> PROVIDED DATA

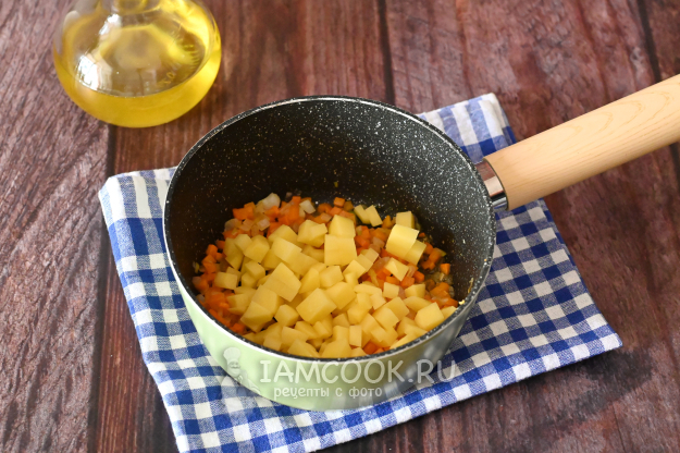 К ним отправьте нарезанный кубиками картофель.
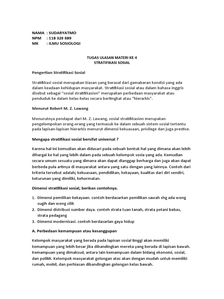 Jelaskan pengertian Stratifikasi Sosial? - Brainly.co.id
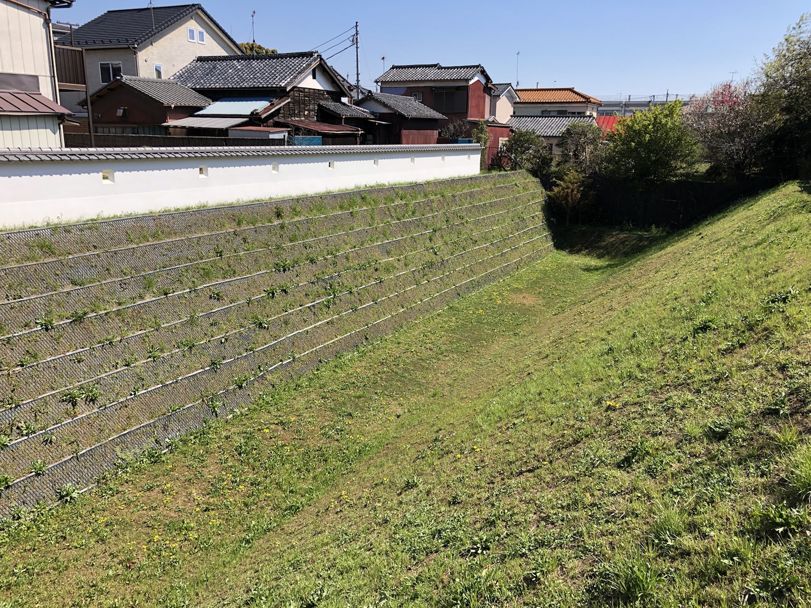 城壁側が60度、反対側が30度と、城壁側が切り立っているので、敵が攻めてきた際にこの堀を越えることが出来ません。
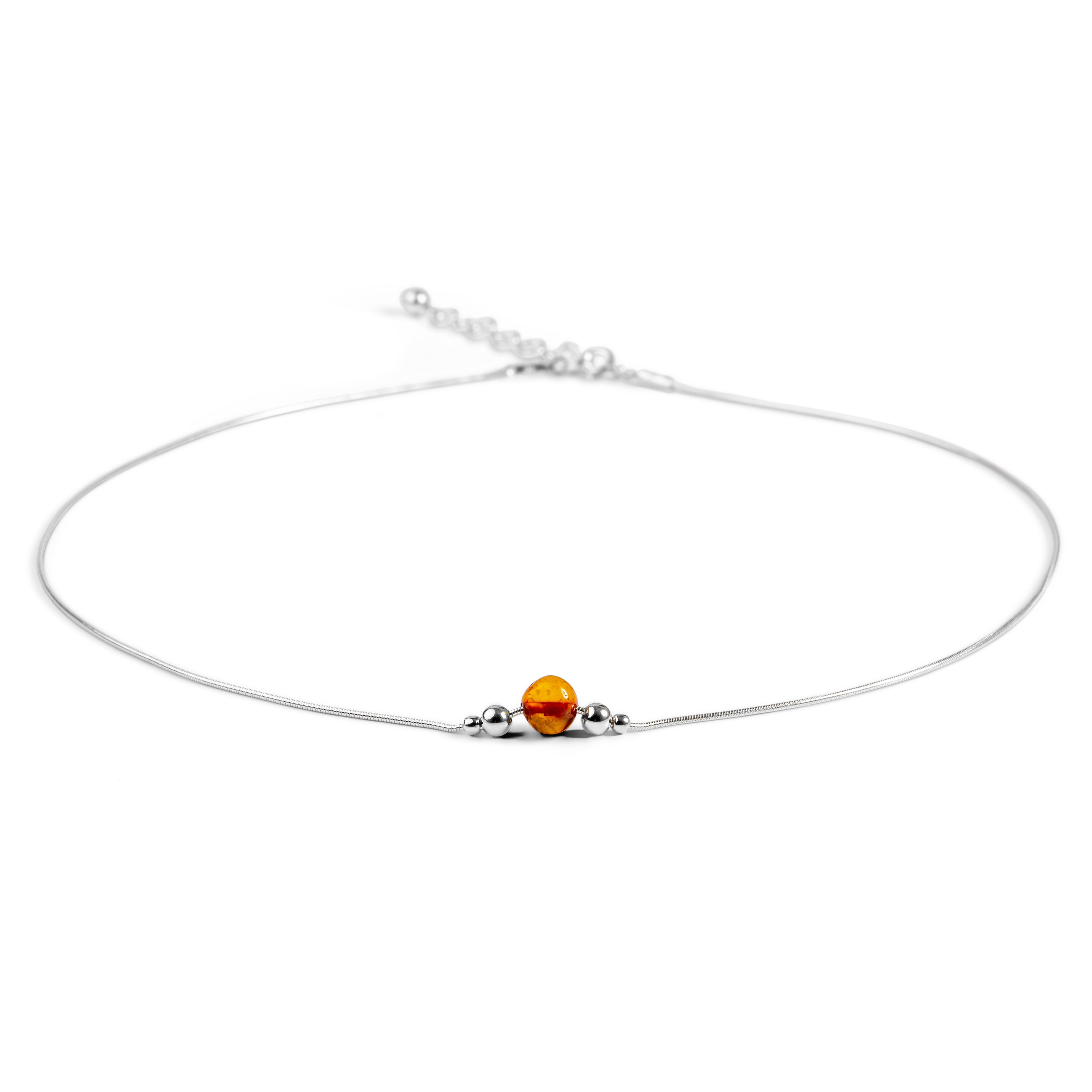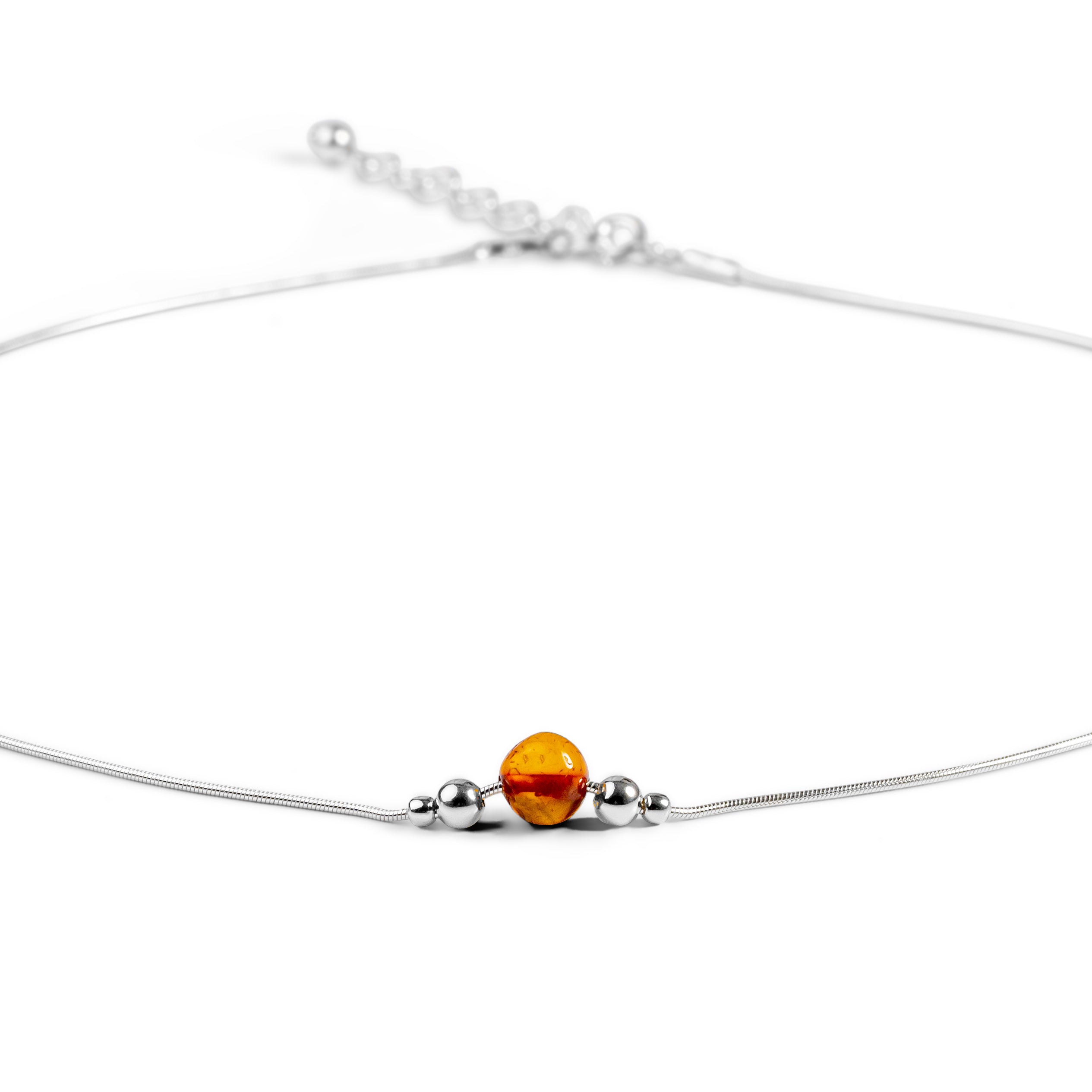 Crafted in 925 silver and adorned with a single round genuine Baltic Amber gemstone which is set between 2 smaller sphere shaped silver balls on each side. Finished on a solid silver snake style chain.

> ASSIGNED TASK
Only the lines from the line with "城壁側が60度、反対側が30" to the bottom of the material above should be reproduced, exactly and without pictures.

> SOLVED EXERCISE
 城壁側が60度、反対側が30度と、城壁側が切り立っているので、敵が攻めてきた際にこの堀を越えることが出来ません。
 Crafted in 925 silver and adorned with a single round genuine Baltic Amber gemstone which is set between 2 smaller sphere shaped silver balls on each side. Finished on a solid silver snake style chain.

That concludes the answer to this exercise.